The beadle turned his discreet gaze away from the weapon. He knew better than to see that which the rules of Paris forbade to students. He gripped his wand of office more firmly.
“The man, Hugues, innkeeper of La Cloche Perse,” he explained in apologetic fashion, “died past midnight.”
Guy shrugged. “The more fool he. I did but pink him when he rushed on me with screams and tirades.”
“You do not know your strength,” Jean Corbin declared, eying his comrade’s gigantic dimensions with admiration. “You pierced him clean through the body.” p.126
This provides an accurate idea of both Master Guy’s character and the violent times he lives in.
Guy is dealt with leniently by the court, the greatest of his punishments being the payment of some wine to them. It is at the court that he notices an odd looking fellow who is also being dealt with. Gerald Cambray is dressed oddly, speaks awful Latin, and claims to teach at a university called ‘Harvard’ in ‘America.’ After being ridiculed by the court for his speech, dress and supposed university, Guy takes him in hand and agrees to enrol him in the English nation and set him up as a professor of astronomy.
The rest of the story develops as you would expect: Cambray is an inadvertent time-traveller and struggles to cope with the squalor and violence of the times. In due course his heretical teachings attract the wrong kind of attention, with predictable results.
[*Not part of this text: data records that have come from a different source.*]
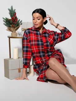 Платье рубашка халат домашнее трикотажное в клетку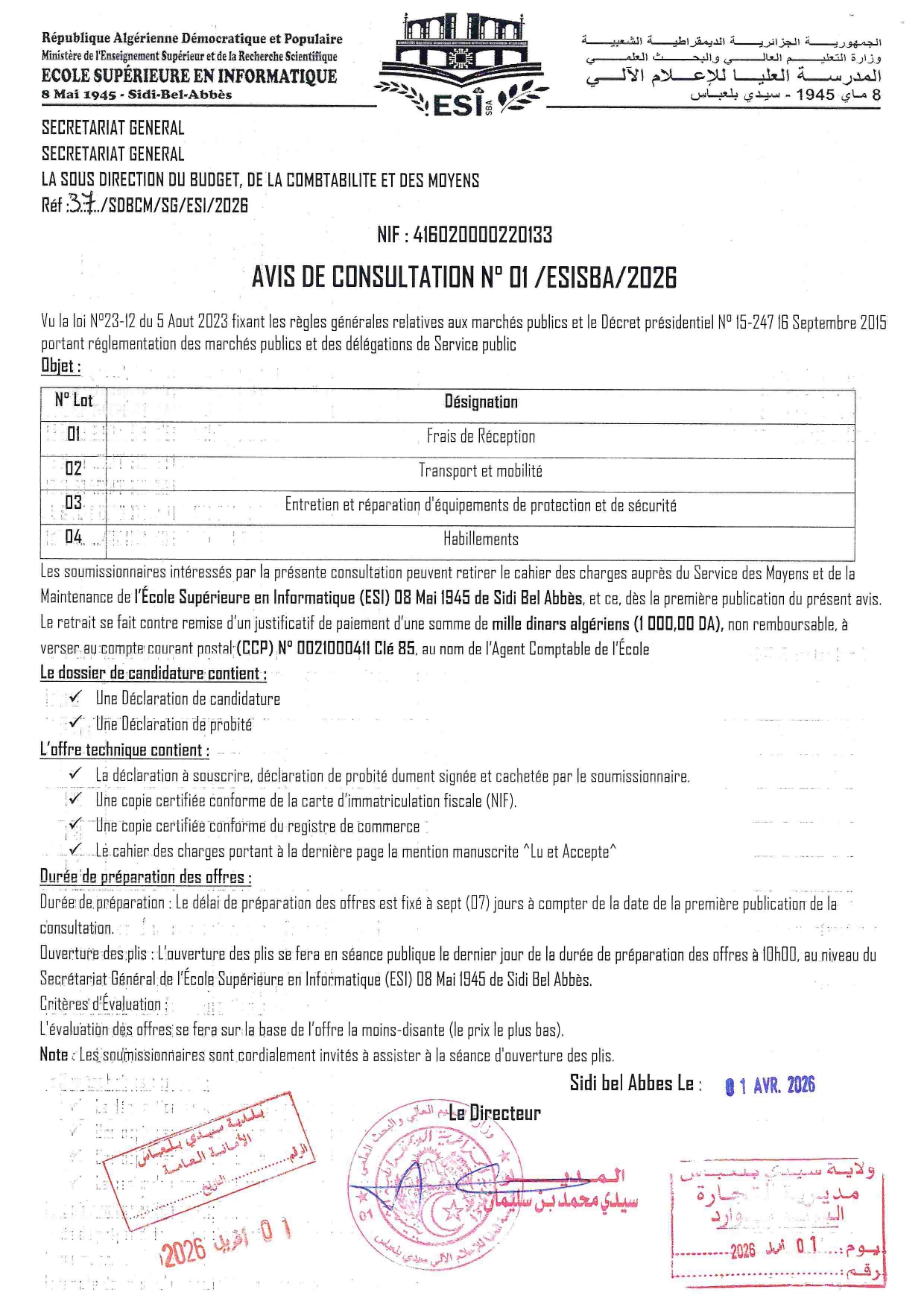 Ecole Superieure en Informatique 08-MAI-1945 SIDI BEL ABBES > Blog > استشارة رقم 01 /2026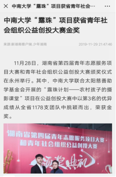 在历经两年的发展之后,露珠计划已经初具规模。为了扩大露珠计划的影响力、得到其他的公益项目的宝贵经验,他们在2019年10月报名参加了湖南省第四届青年志愿者服务项目大赛和青年社会组织公益创投大赛的公益创投类大赛,并成功闯入决赛。在2019年11月26日,决赛在永州市进行,杨潇、马文艳作为团队代表前往参赛。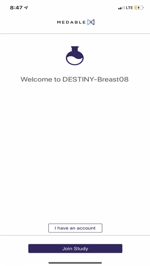 You are invited to participate in the DESTINY-Breast08 (AZD967JC00002) study. This application will allow you to take pulse oximeter readings and complete questionnaires for the study.
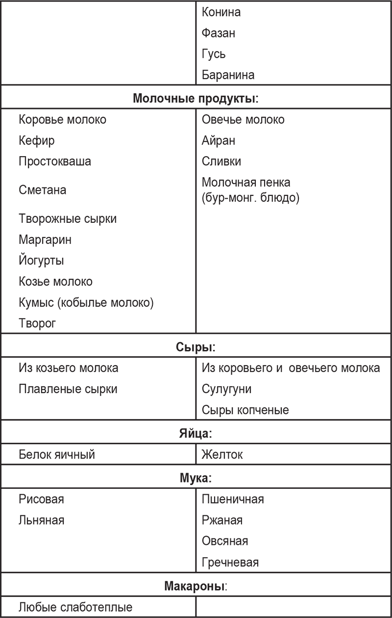 Таблица № 5. Распределение продуктов от ИНЬ (-) к ЯН (+) Дж. Осава

What sets this story apart from similar tales is that Schachner provides a vivid, visceral and engrossing account of university life in Paris in 1263. He had published a non-fiction book in 1939 called The Mediaeval Universities, and it is obvious that some of the research from that book was used for this readable and entertaining story.2
The only other non-fiction is this issue is an OK poem, Dying Tramp by Edgar Daniel Kramer.
I couldn’t make a judgement on the artwork as I was reading a poor quality unz.org scan, but I noticed some lousy layout on p.33, where one of the pictures has a couple of column lines of story quotation at the bottom of the left hand column and a couple of lines of the story itself at the bottom of the right. There is no need for this given there is space at the end of the story.
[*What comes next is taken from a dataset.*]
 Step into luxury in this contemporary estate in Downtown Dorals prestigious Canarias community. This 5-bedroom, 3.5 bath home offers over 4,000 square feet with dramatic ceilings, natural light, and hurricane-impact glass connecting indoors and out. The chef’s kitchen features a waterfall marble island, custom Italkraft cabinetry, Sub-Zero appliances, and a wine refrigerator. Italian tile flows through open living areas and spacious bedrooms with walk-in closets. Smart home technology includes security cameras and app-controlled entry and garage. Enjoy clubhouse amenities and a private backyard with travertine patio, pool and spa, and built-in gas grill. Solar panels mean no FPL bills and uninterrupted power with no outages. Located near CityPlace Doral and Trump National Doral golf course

It is worth digging out this issue for the Schachner story.
- The page with next month’s cover information:
- The Mediaeval Universities (as by Nathan Schachner) is available at Hathi Trust. Chapter seven (Paris—A University of Masters) is the most pertinent chapter. I was surprised to see this story has never been reprinted, so if you want to read it you’ll probably have to go to unz.org.
I agree this is not one of the better issues. But I like the Cartier cover a lot. Speaking of covers, I think it was a big mistake for the magazine to switch to the so called “dignified covers”. There was only a small niche audience for fantasy fiction and the pictorial covers showed what the magazine was about and thus attracted fantasy lovers. The dignified cover just looked like some uninteresting literary quarterly.
Agreed, but I had initially thought so because of the loss of those great Cartier covers. Your point about niche audience for fantasy magazines had not occurred to me.
I looked out one of the later issues to see what the readers had to say but they were still talking about February’s issue. Have you seen any mention anywhere of how the change affected the circulation numbers?
Street & Smith did not show or talk about the impact on circulation but personally I cannot imagine that the dignified covers increased the numbers at all. In 1948 when the big UNKNOWN annual came out they went back to the pictorial cover format.
In the late 1920’s Adventure magazine tried to make their magazine more dignified with non-pictorial covers and the experiment failed. Later they admitted the circulation did not increase like they had hoped and the readers preferred the painted covers. Also I think the fact that ASTOUNDING never tried non-pictorial covers indicates they were not happy with what happened with the UNKNOWN experiment.